**RECORD SET:**
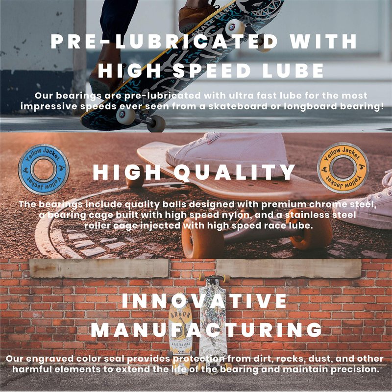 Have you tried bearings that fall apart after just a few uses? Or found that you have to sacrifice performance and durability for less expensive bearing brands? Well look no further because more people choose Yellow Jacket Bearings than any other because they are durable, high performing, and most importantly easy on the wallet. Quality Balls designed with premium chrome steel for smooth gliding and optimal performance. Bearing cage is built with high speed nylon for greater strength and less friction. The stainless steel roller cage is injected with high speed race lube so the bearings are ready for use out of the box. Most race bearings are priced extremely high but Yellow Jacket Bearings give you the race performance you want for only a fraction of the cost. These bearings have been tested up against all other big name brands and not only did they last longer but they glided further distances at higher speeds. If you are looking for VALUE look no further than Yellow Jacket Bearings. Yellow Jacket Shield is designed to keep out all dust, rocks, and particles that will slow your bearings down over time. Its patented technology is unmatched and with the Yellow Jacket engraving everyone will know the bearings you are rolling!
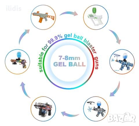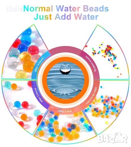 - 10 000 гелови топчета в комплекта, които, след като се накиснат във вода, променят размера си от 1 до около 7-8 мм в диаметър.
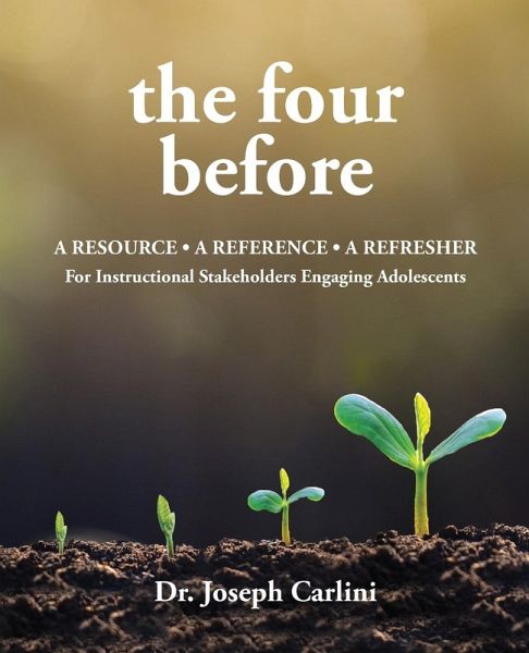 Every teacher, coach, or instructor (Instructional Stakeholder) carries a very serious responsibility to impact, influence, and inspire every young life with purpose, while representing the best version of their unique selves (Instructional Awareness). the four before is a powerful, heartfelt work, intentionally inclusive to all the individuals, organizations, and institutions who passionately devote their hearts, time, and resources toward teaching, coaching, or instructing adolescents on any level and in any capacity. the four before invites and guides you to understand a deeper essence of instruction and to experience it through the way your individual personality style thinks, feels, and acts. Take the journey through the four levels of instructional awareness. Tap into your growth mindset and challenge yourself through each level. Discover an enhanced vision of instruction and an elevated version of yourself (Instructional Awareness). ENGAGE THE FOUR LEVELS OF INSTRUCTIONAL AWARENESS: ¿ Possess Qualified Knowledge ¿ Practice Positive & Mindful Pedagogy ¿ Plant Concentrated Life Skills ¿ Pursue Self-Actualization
==
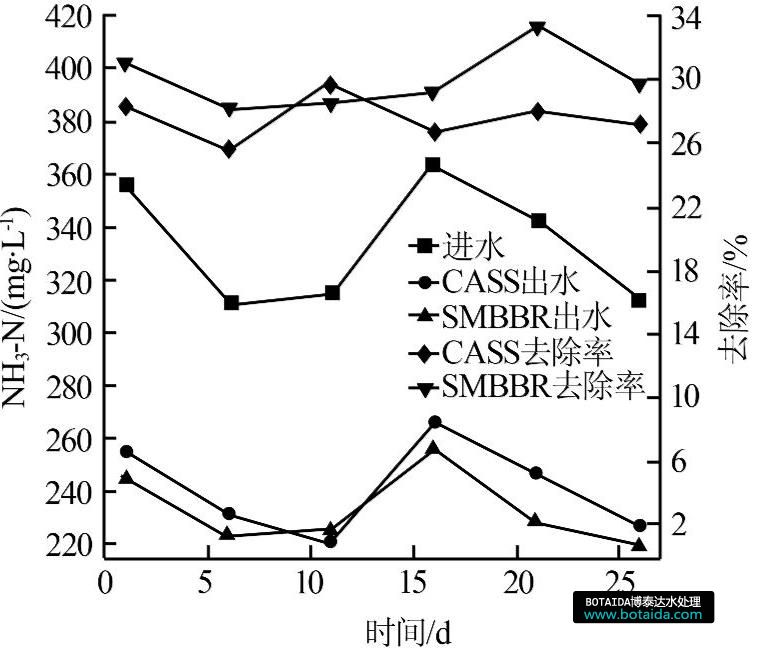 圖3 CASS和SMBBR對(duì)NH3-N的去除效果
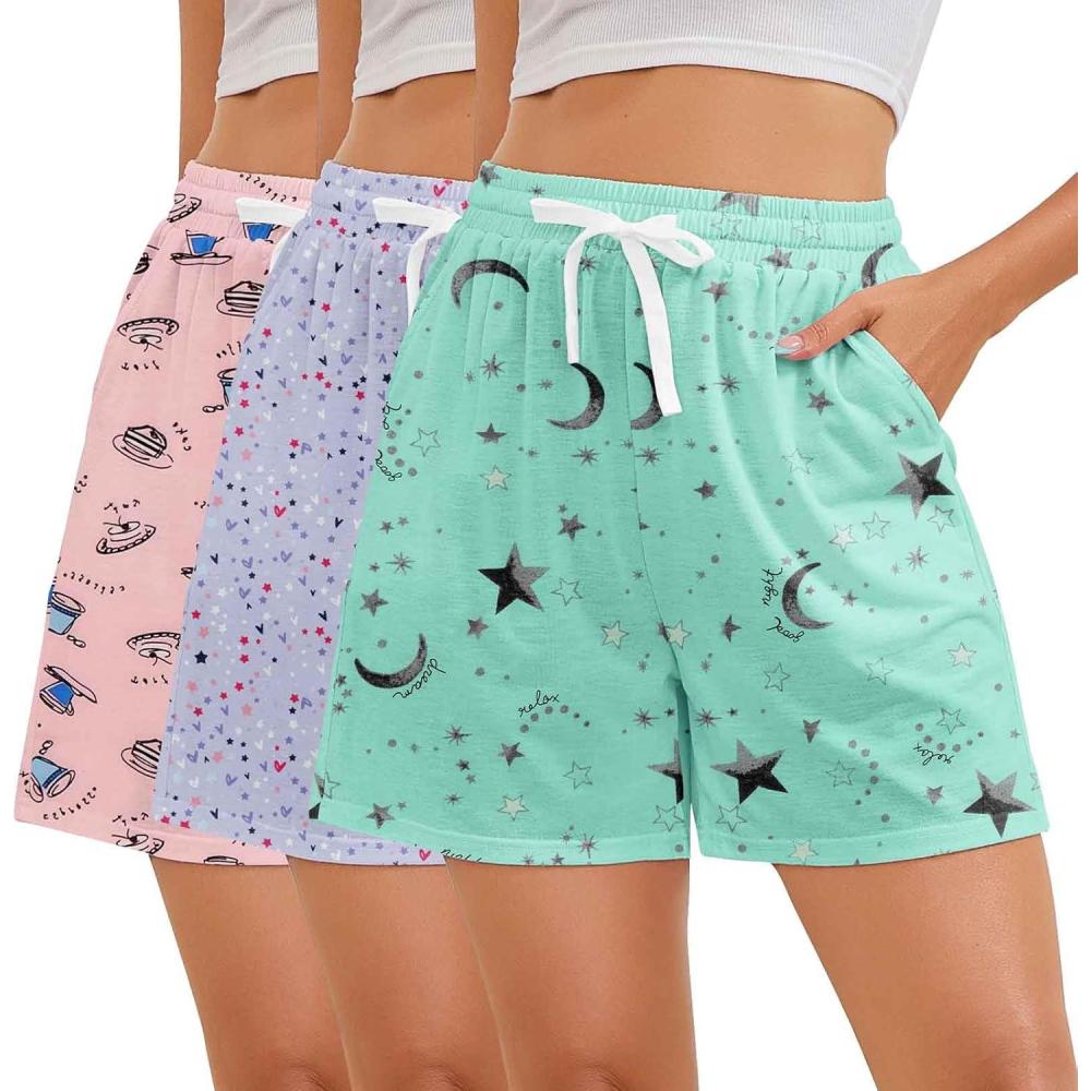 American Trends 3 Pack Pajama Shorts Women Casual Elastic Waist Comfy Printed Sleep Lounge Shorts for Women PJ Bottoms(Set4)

**HOW TO COMPLETE THIS TASK:** The lines to copy exactly start with the line above that has "圖3 CASS和SMBBR對(duì)NH3-N的去除效果" and go on through the line that has "American Trends 3"; please include both, add nothing else, and omit the pictures.

**TASK OUTPUT:**
 圖3 CASS和SMBBR對(duì)NH3-N的去除效果
 American Trends 3 Pack Pajama Shorts Women Casual Elastic Waist Comfy Printed Sleep Lounge Shorts for Women PJ Bottoms(Set4)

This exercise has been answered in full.